Ссора произошла в среду вечером в баре возле площади Пикадилли. Робин, которая на следующий день в пять часов утра должна была уехать в Ковентри, вообще-то не очень хотела идти в кино в середине недели. Однако, поскольку Мёрфи уже купил билеты, она решила, что не может отказать. Похоже, он был полон решимости не скатиться к модели отношений, согласно которой они бы просто встречались на квартирах друг друга, чтобы поесть и заняться сексом. Робин предположила, что это произошло из-за страха принять ее как должное или впасть в рутину, на что, как она поняла из косвенных комментариев, жаловалась его бывшая жена.

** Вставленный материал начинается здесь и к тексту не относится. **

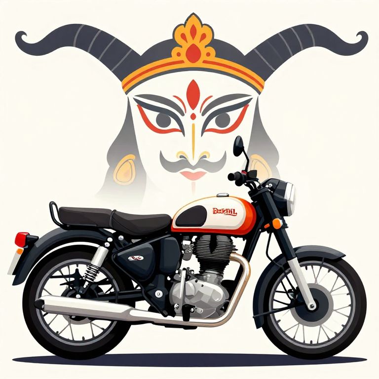 Rack Focus vector illustration of Bhoota Kola face inspired from film Kaantara made out of Royal Enfield Classic 300 motorcycle,
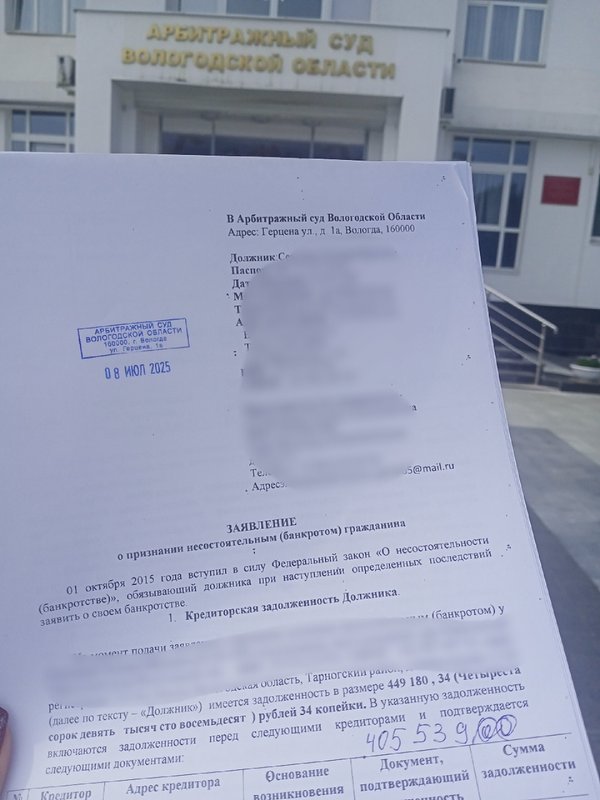 чка более 3 месяцев нет возможности платить В данном случае: долг 1,3 млн ₽ просрочка 4 месяца отсутствует стабильный доход Формально основания для банкротства есть. 2️⃣ Что могут забрать? Если имущества действительно нет, процедура обычно проходит спокойно. Не заберут: единственное жильë. обычные бытовые вещи личные вещи прожиточный минимум дохода Могут проверить: сделки за последние 3 года переводы родственникам продажу имущества «по заниженной цене» Если ничего не скрывалось — риски минимальные. 3️⃣ Что будет с коллекторами? После принятия заявления арбитражным судом: начисление процентов прекращается исполнительные производства приостанавливаются коллекторы обязаны прекратить давление Дело рассматривает арбитражный суд по месту жительства. Например, если человек живёт в Вологде — это будет Арбитражный суд города Вологды. 4️⃣ Какие последствия? После завершения процедуры: долги списываются, 5 лет нужно сообщать банкам о факте банкротства при получении кредита, 3 года нельзя быть директором ООО. Важно: кредитная история ухудшается, но она и так уже испорчена при просрочках. Вывод по ситуации Если: доход нестабильный платить нечем имущества нет Банкротство — законный способ полностью списать долги. Но перед подачей важно: не совершать подозрительных сделок, не брать новые кредиты, проконсультироваться со специалистом. Запишитесь на консультацию, если не справляетесь с платежами.
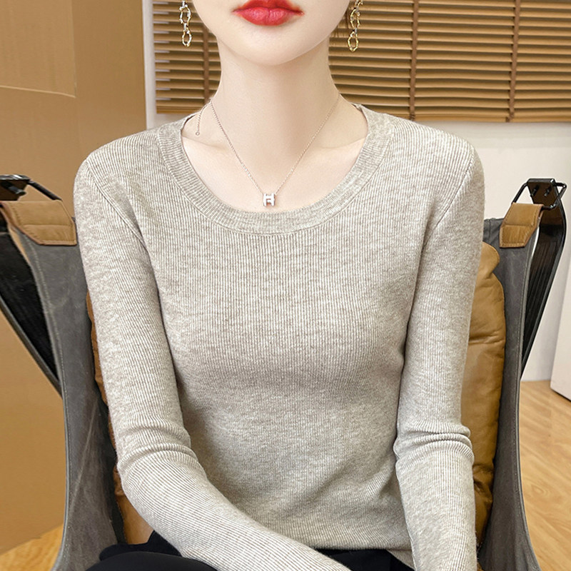 三福长袖上衣2025新款秋季圆领修身针织衫简约纯色内搭打底衫女装
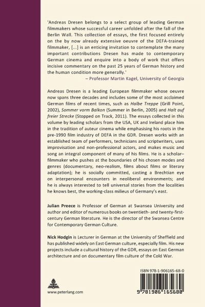 Andreas Dresen is a leading European filmmaker whose oeuvre now spans three decades and includes some of the most acclaimed German films of recent times, such as Halbe Treppe (Grill Point, 2002), Sommer vorm Balkon (Summer in Berlin, 2005) and Halt auf freier Strecke (Stopped on Track, 2011). The essays collected in this volume by leading scholars from the USA, UK and Ireland place him in the tradition of auteur cinema while emphasising his roots in the pre-1990 film industry of DEFA in the GDR. Dresen works with an established team of performers, technicians and scriptwriters, uses improvisation and non-professional actors, and makes music and song an integral component of many of his films. He is a scholar-filmmaker who pushes at the boundaries of his chosen modes and genres (documentary, neo-realism, films about films or literary adaptation); he is socially committed, casting a Brechtian eye on interpersonal encounters in neoliberal environments; and he is always interested to tell universal stories from the localities he knows best, the working-class milieus of Germany's east.
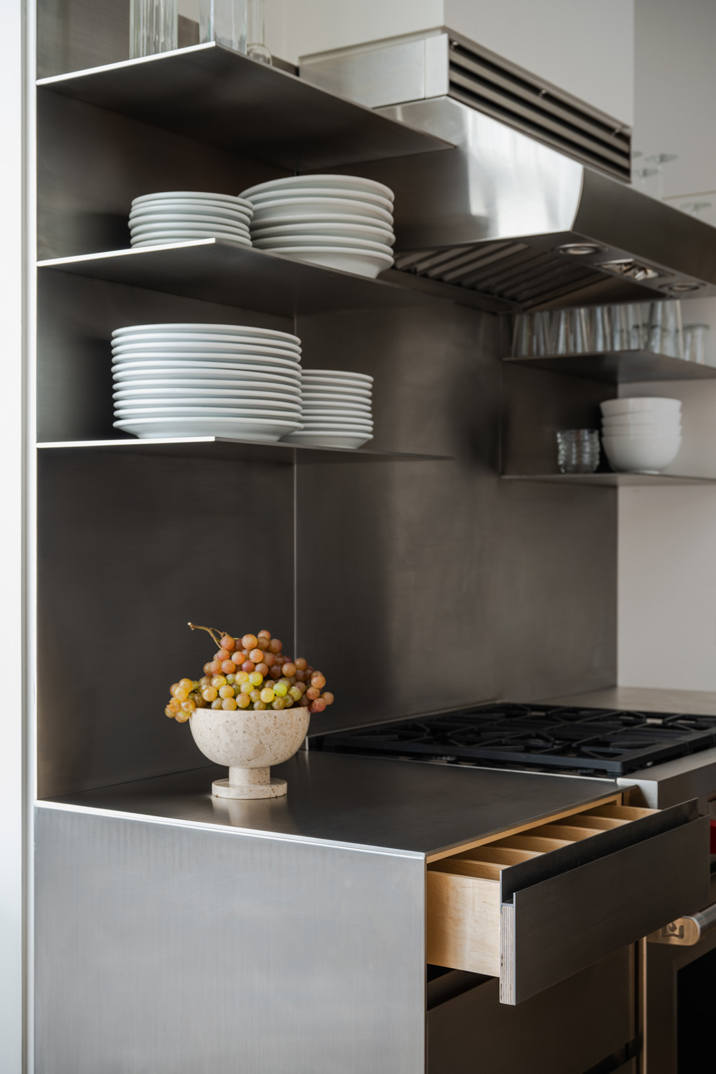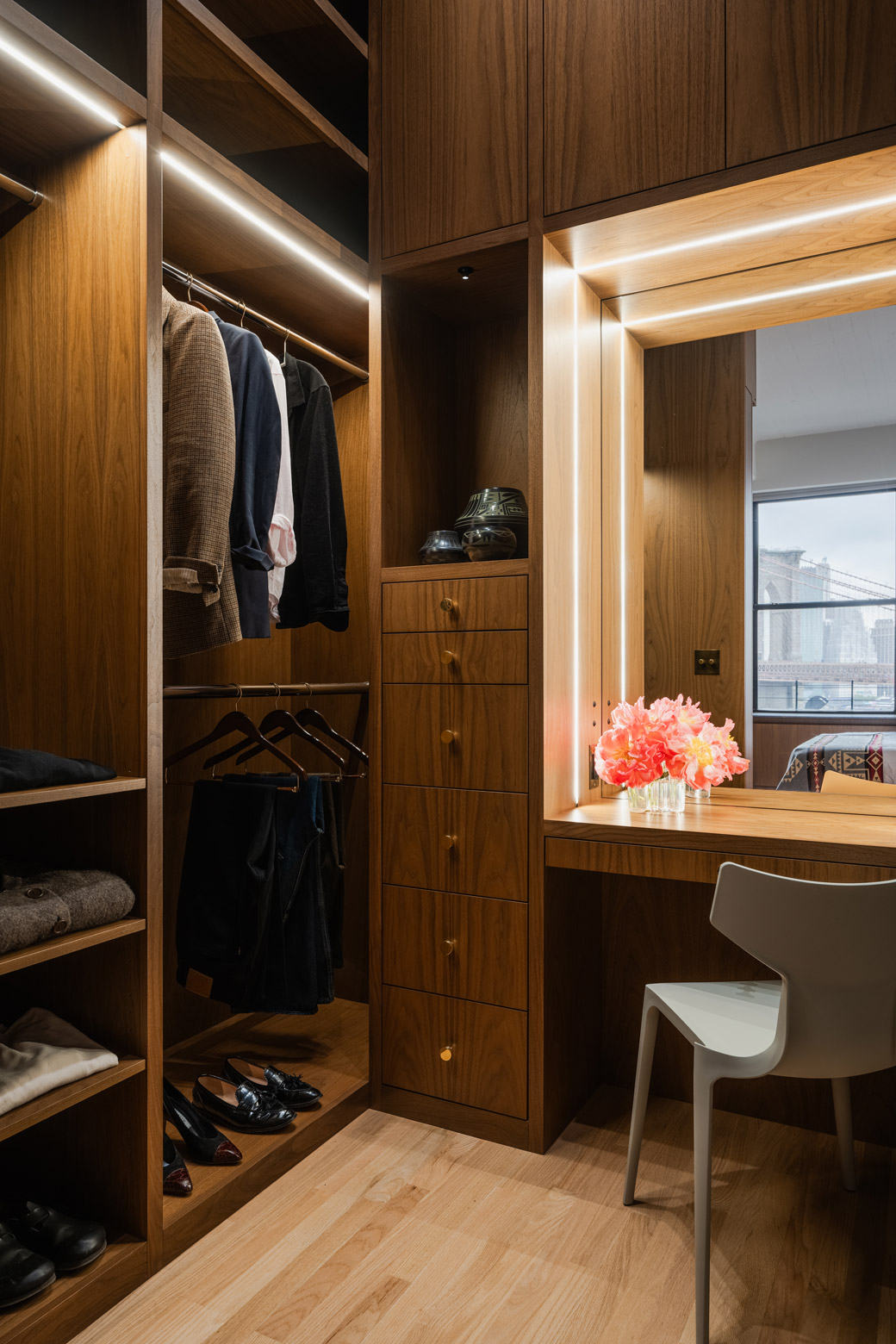 This Brooklyn home was designed to feel warm, calm, and inviting. The dining space features rich walnut paneling that wraps from the walls to the ceiling, creating a cozy, tucked-away feel. Simple vintage chairs and a dark table add character, while soft light filters in through frosted glass doors. It’s a quiet, thoughtful space—perfect for gathering, relaxing, and enjoying the beauty of good design.
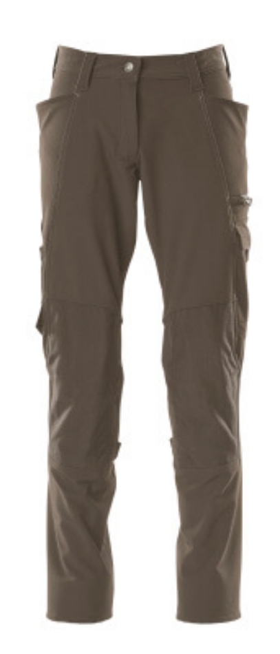 Vrouwelijke pasvorm PEARL. Met een waterafstotende finish. Lichte, slijtvaste strechstof, in 4 richtingen rekbaar. Door de geïntegreerde zakken is het materiaal bijna niet merkbaar op de huid. Tweevoudig gestikte naden aan de broekspijpen en in het kruis. Lage taille. Ergonomisch gevormde broekspijpen. Riemlussen. Sluiting met rits. Voorzakken. Achterzakken. Dijbeenzak met telefoonzakje en klep met verborgen drukknoop en geïntegreerde ID-kaarthouder. Afneembare ID-kaarthouder. Duimstokzak van CORDURA met extra zakken. Slijtvaste ventilerende kniezakken van CORDURA (500 D). De hoogte van de kniezak is gemakkelijk en individueel aan te passen. We raden de Mascot Waterloo kniestukken aan voor dit model. Met opdruk en reflectoren.
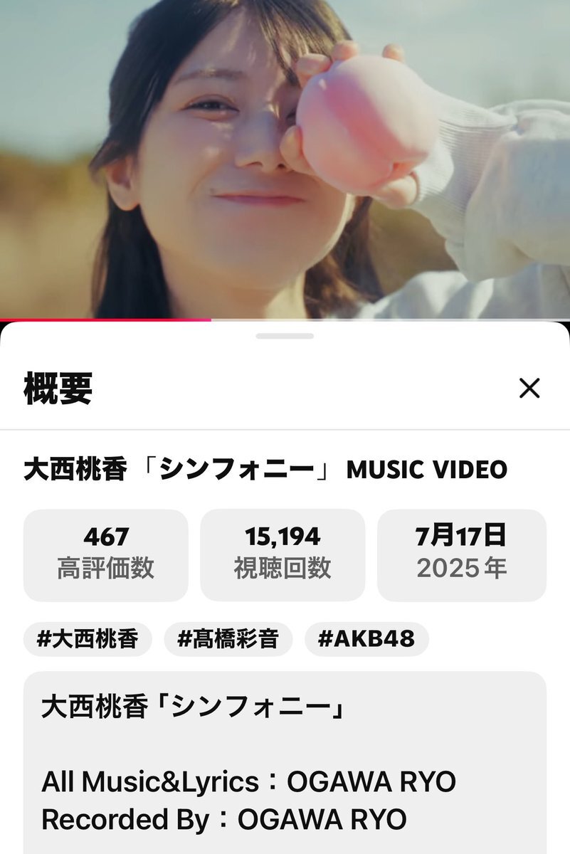 15000回越えましたね🍑☺️ #大西桃香🍑 「#シンフォニー」 MUSIC VIDEO youtu.be/vRdMndsEqIs?si… @YouTubeより pic.x.com/JTrS1TCanw
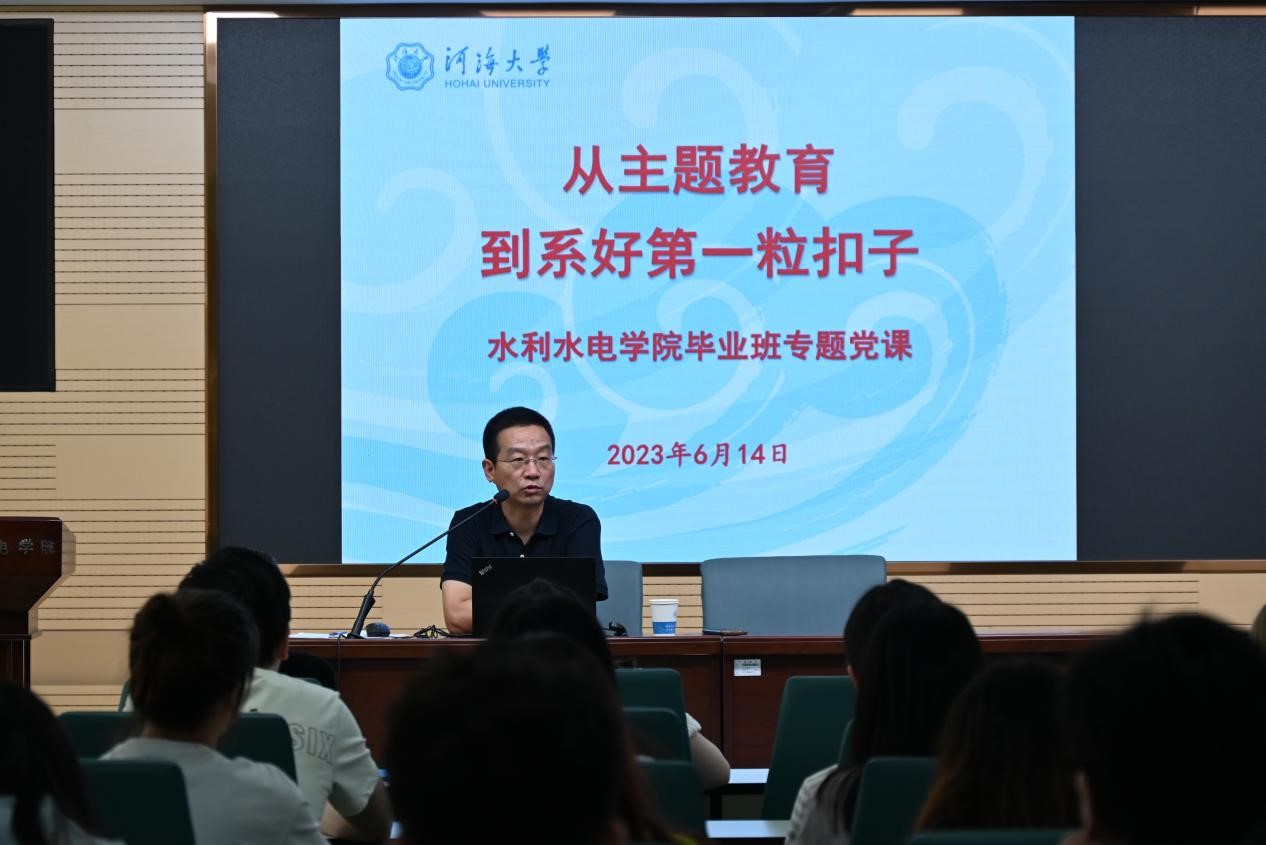 6月14日,公司党委书记娄健以《从主题教育到系好第一粒扣子》为题,为全体2023届毕业生党员讲授毕业生廉洁专题党课。党课由公司党委副书记戴媛媛主持,全体毕业生党员参加。

Поводом для их спора стало случайное замечание Робин о ее предполагаемой поездке на ферму Чапмена. Стало ясно, что Мёрфи пребывал в заблуждении. Он думал, что ее не будет всего семь дней, если ей удастся завербоваться, и был потрясен, обнаружив, что на самом деле она взялась за работу под прикрытием, которая могла продлиться и несколько недель. Мёрфи был раздражен тем, что Робин не объяснила всю ситуацию полностью, а Робин была разгневана тем фактом, что он не слушал ее должным образом. Возможно, Мёрфи был не виноват в том, что из-за него вернулись неприятные воспоминания о том, как ее бывший муж считал себя вправе диктовать границы ее профессиональных обязательств, но сравнение было неизбежным, учитывая, что Мёрфи, похоже, думал, что это Страйк заставил Робин пойти на это сложное задание, а она не была достаточно настойчива, чтобы отказаться.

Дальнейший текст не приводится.